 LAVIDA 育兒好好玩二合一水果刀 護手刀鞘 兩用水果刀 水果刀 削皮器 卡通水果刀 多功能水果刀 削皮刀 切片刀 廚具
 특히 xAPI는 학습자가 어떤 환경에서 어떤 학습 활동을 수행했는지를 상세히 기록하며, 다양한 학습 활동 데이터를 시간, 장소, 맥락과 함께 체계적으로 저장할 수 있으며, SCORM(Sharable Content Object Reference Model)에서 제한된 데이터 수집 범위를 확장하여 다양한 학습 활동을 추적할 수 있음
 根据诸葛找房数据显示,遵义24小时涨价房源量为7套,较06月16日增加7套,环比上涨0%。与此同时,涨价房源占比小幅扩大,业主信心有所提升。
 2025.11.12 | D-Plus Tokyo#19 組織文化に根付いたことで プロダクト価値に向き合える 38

◇ ◇ ◇

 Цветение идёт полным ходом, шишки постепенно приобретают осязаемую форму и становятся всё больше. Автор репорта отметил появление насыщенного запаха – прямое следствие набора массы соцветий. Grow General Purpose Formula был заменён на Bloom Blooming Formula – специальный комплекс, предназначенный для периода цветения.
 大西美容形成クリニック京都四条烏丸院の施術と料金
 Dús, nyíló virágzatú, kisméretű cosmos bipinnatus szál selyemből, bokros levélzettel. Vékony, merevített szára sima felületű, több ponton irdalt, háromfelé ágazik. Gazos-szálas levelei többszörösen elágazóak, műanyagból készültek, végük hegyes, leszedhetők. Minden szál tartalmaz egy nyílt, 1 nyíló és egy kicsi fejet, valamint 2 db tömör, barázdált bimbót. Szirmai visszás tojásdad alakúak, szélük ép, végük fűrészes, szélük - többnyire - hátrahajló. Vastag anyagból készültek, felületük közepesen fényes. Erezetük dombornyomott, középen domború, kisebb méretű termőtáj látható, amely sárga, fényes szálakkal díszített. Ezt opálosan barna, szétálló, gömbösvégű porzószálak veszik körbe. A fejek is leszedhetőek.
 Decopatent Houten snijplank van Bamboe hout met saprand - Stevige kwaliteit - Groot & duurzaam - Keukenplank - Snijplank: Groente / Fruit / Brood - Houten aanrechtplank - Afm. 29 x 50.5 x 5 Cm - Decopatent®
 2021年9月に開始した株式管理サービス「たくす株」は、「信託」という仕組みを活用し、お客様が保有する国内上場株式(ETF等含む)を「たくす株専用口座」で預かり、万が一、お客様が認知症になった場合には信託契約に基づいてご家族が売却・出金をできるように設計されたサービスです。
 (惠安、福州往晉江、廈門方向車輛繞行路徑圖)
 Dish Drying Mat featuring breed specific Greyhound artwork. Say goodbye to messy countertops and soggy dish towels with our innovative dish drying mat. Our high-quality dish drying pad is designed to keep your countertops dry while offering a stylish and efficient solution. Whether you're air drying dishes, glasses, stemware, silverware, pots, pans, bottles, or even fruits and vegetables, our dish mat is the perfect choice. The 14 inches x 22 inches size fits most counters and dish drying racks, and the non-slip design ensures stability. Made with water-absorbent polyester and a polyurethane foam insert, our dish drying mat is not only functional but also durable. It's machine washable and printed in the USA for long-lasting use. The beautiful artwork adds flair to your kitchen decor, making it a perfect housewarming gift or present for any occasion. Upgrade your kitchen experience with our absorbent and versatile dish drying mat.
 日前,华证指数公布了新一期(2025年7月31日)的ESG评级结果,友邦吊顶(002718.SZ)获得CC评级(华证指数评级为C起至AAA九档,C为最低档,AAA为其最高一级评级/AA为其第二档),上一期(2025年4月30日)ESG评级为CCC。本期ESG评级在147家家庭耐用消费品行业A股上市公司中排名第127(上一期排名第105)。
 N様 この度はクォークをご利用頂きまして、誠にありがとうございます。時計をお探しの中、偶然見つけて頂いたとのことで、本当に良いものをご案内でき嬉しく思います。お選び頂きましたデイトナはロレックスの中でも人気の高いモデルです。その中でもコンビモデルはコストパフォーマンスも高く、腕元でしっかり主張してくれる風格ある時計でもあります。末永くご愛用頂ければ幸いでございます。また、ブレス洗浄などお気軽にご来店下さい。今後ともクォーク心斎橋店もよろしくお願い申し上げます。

◇ ◇ ◇

== Problem to work on ==
Of the lines above, retype only those from the line containing "특히 xAPI는 학습자가" through the line containing "2025.11.12 | D-Plus", including both, exactly.

== Written solution ==
 특히 xAPI는 학습자가 어떤 환경에서 어떤 학습 활동을 수행했는지를 상세히 기록하며, 다양한 학습 활동 데이터를 시간, 장소, 맥락과 함께 체계적으로 저장할 수 있으며, SCORM(Sharable Content Object Reference Model)에서 제한된 데이터 수집 범위를 확장하여 다양한 학습 활동을 추적할 수 있음
 根据诸葛找房数据显示,遵义24小时涨价房源量为7套,较06月16日增加7套,环比上涨0%。与此同时,涨价房源占比小幅扩大,业主信心有所提升。
 2025.11.12 | D-Plus Tokyo#19 組織文化に根付いたことで プロダクト価値に向き合える 38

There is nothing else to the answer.